If you’re looking for summer reading that’s fun and meaningful, and includes Russian and American settings, I nominate Anya Ulinich’s beautifully written debut novel, Petropolis.
Petropolis describes the young life of Sasha Goldberg who is, sort of, black, Jewish, and Siberian. She hails from the unprepossessing Russian town of Asbestos 2, where she enjoys art school and the company of a (slightly) older guy who lives in a giant pipe. Sasha’s mother is overbearing; Sasha’s father disappears. Ulinich’s descriptions of Asbestos 2 brought me back to the late Soviet era through details like propaganda slogans on buildings and song lyrics.
Ulinich moves Petropolis far beyond the borders of Asbestos 2, to points American, when Sasha looks for a new life that will take her away from a pile of old problems. Petropolis includes elements of road and coming-of-age novels: Ulinich’s writing is strongest in the first and last legs of the Petropolis journey, but the middle also presents memorable characters and situations.What’s most wonderful about Petropolis is that Ulinich somehow manages to create characters that are touching and quirky but not typecast and cloying. Best of all, I’m a sucker for unpredictable and unsappy happy endings, so I loved how she wrapped things up.

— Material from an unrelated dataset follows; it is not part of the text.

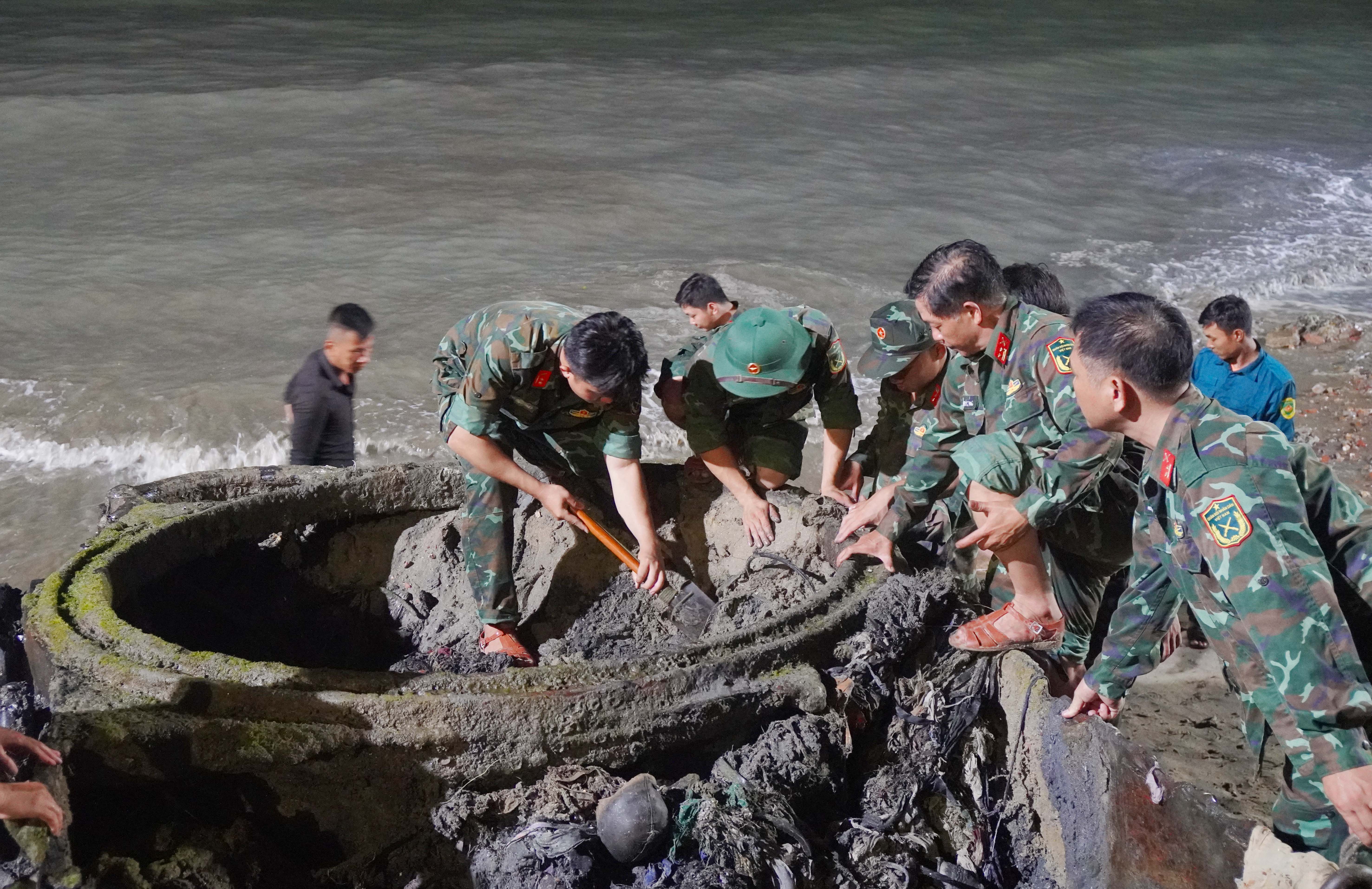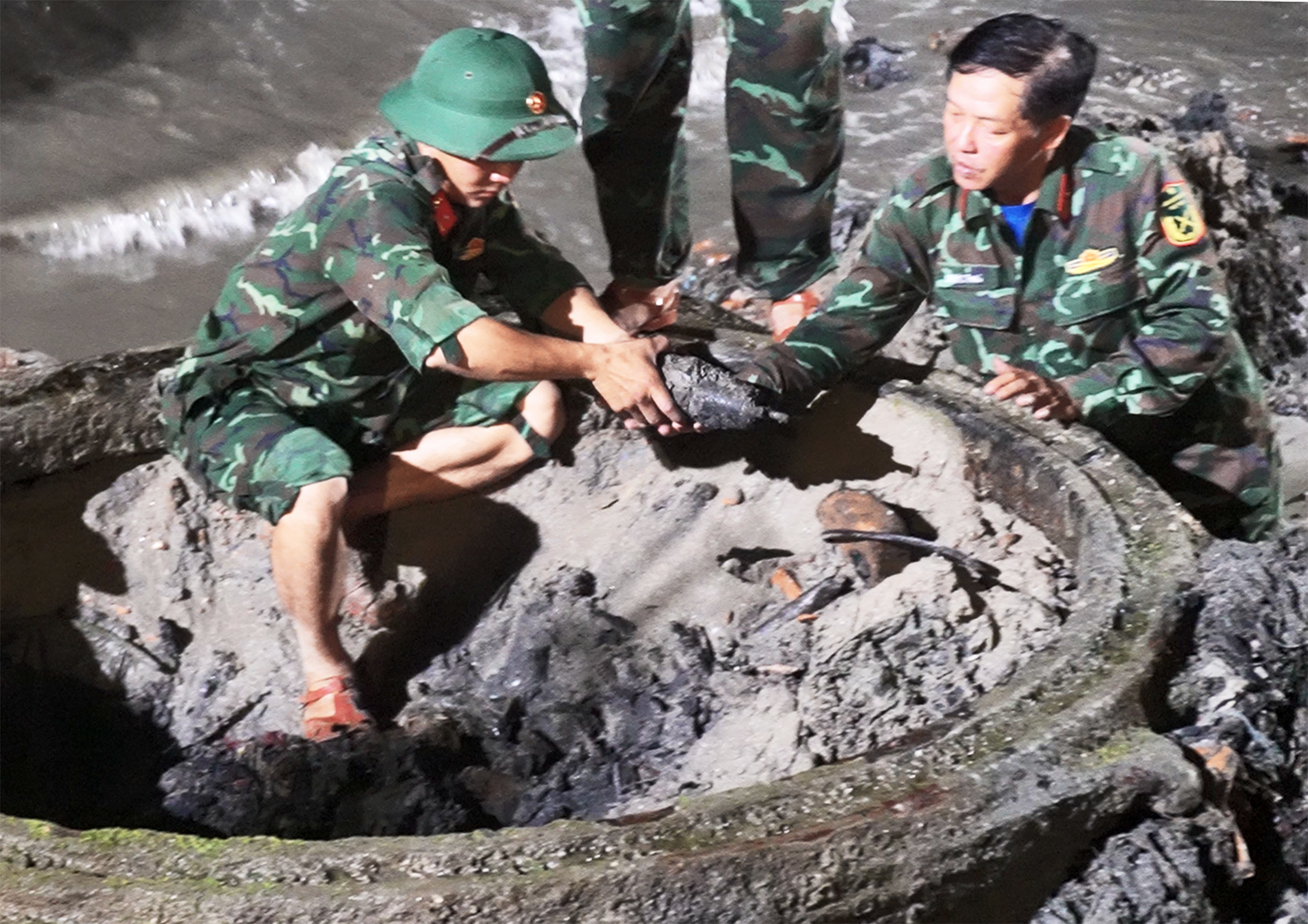 Trước đó, lúc 14 giờ ngày 29-4, tranh thủ lúc thủy triều rút, Bộ CHQS tỉnh Gia Lai huy động 40 cán bộ, chiến sĩ cùng lực lượng chuyên trách đến hiện trường triển khai trục vớt.

The title of the book references a poem (in old Russian orthography, in English) by Osip Mandel’shtam. Many thanks to Kevin Kinsella, a translator of Mandel’shtam, whose multiple mentions of Petropolis in his blog, Languor Management, kicked me into finally taking the book off the library shelf. You may enjoy his interview of Ulinich: it includes historical and personal insights into Petropolis.